Quote:
Originally Posted by Lindy
Art certainly doesn't need to be pleasing, any more than music needs to be tuneful. But does art require some skill or competence? If I get on top of a ladder and slosh paint on a canvas below me is it art? Jackson Pollock did it, and his work has come to be accepted as art. So, is my creation art just because I call it art? Or is it just self-indulgence? If I attempt to express something and (in my own eyes) fail, and my attempt makes no statement, is it art? 
Composer John Cage wrote (?) a piano piece called 4' 33" where the performer comes on stage and sits on the piano bench for four minutes and thirty-three seconds, and then stands and exits. He called it music. If I noodle around on my clarinet for ten or fifteen seconds and call it a symphony, is it? Just because I say so? So, just because I call something art, the world (or at least the sophisticated art world) will accept that? I think that a lot of modern artists and critics want to have a monopoly on the definition of art only so the don't have to defend it to the rubes.
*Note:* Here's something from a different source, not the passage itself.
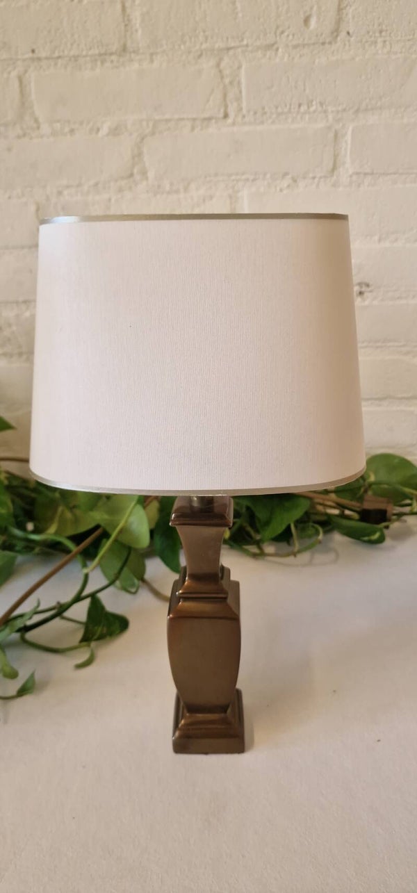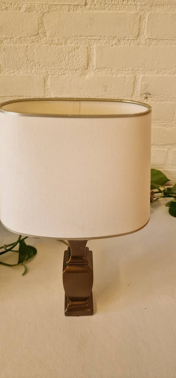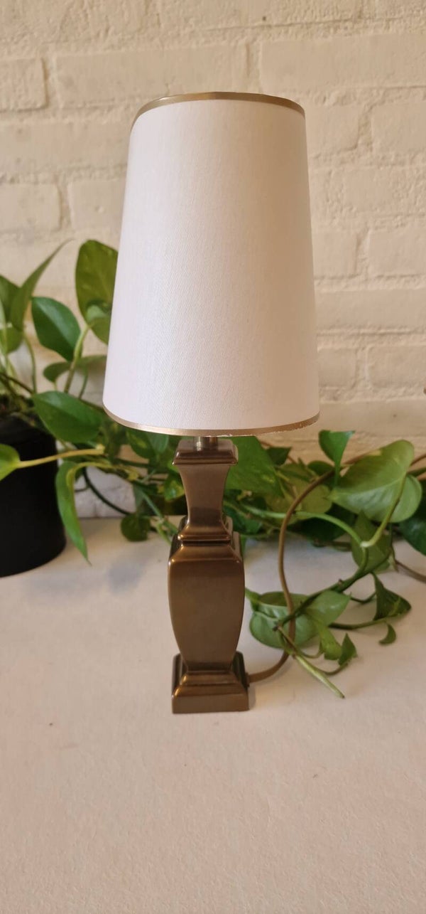 Schitterende set lampen van het Nederlandse bedrijf Kullmann Lampen uit Culemborg. De mooie poot van messing met de lichte stoffen kap met goudkleurige afwerking doet een beetje denken aan de Regency Hollywood stijl. Perfect voor op het nachtkastje, echte sfeerverlichting.
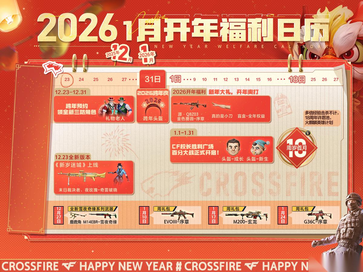福利方面,官方精心规划了从岁末到新年的完整活动线。

They sure couldn't defend it to Rubens. As in Peter Paul.
Momma cat can have her kittens in the oven, and call 'em biscuits, but that don't make it so.
Lindy
|
You're fixated on Quality as a requirement for Art. I think an expression can be poorly executed or unengaging and still be Art, as long as the intent is there.
Realizing that you don't have to respect a work of art, even though it is classified as such, is quite liberating actually.